Chemical flooding is one of the challenging EOR methods to improve the oil recovery. The objective of this work is to examine a systematic approach for upscaling Alkaline Surfactant Polymer (ASP) coreflood data to field scale and design the single well chemical tracer (SWCT) test. Appropriate upscaling can help to determine the effect of crucial parameters on process mechanisms and oil recovery. Besides, uncertainty assessment should be conducted thoroughly to evaluate the impact of key parameters.

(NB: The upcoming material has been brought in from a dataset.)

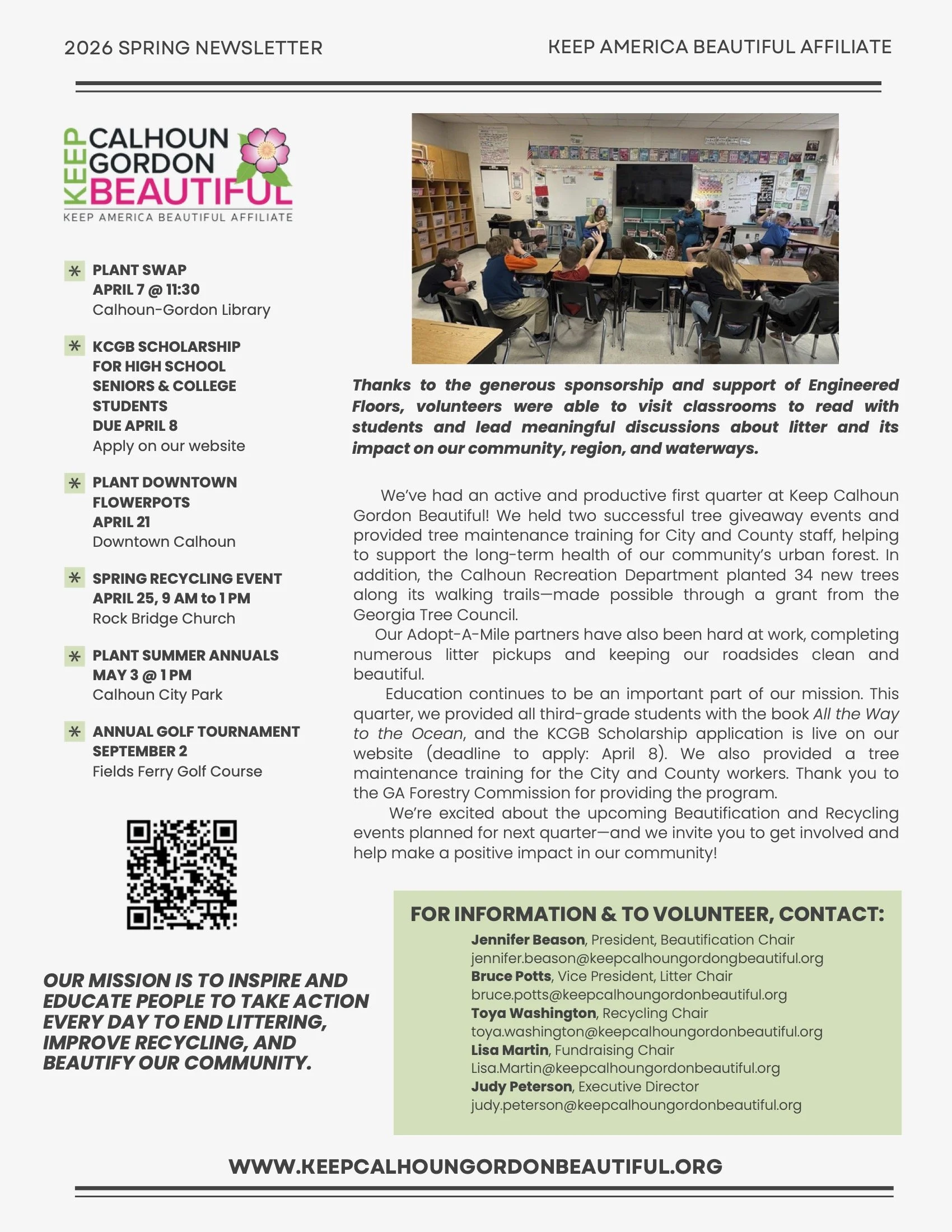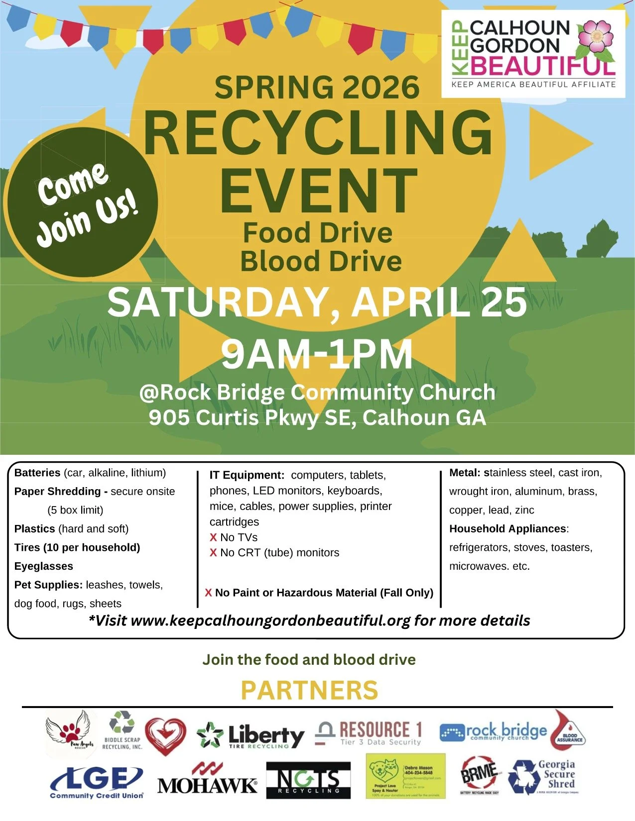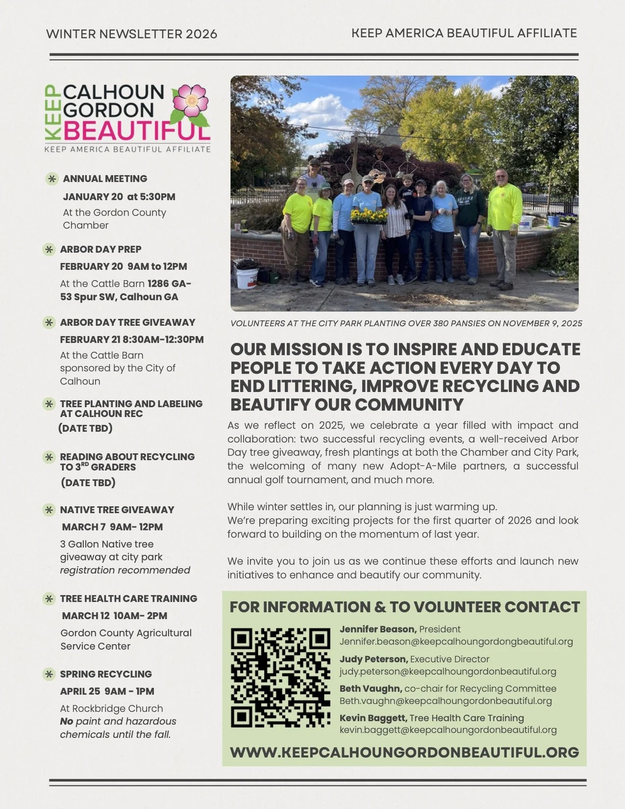 Through education, community events, and partnerships with local schools, church groups, businesses, and local governments, we work year-round make Calhoun and all of Gordon County cleaner and greener.

In this paper, a robust approach for modeling the ASP flood from core to reservoir scale including the data uncertainty would be presented. Experimental work was aimed to screen and select the suitable chemicals for implementation in the field. Coreflood tests include ASP flood with and without polymer chase with the objective to evaluate the effectiveness of chemical flood and sweep efficiency. Sensitivity analysis by response surface methodology (RSM) would help to find the crucial parameters during the history matching of coreflood tests and reservoir modeling for ASP implementation.
Coreflood modeling was performed to represent the flow behavior of lab tests and investigate the mechanisms through the experimental efforts. Assisted history matching of the coreflood test was carried out to incorporate waterflood and chemical flood processes. Some variables such as relative permeability characteristics, trapping number, adsorption, and residual resistance factor were included as matching parameters. The next step was to upscale the model from core scale to reservoir scale by an appropriate method. Velocity and pressure were preserved during the scaling procedure. The parameters obtained from scaling exercise were used for SWCT design and full field model. Thus, radial models were used to describe and improve the design of SWCT tests for candidate wells. The next step was to evaluate the ASP flood on reservoir model. Sensitivity analysis was conducted on key parameters e.g. adsorption, injector-producer spacing, residual oil reduction by chemical, and ASP slug size to identify the impact of these parameters on oil recovery. RSM was applied to develop a suitable proxy model based on the results of sensitivity study. The proxy model can be used to find the optimum well spacing and slug size for field implementation.
Appropriate technique of chemical flood modeling is presented in this work. Moreover, upscaling of lab data to reservoir scale for pilot design and evaluation of ASP flood on reservoir scale by considering how to address risks and uncertainties are other outcomes of this work.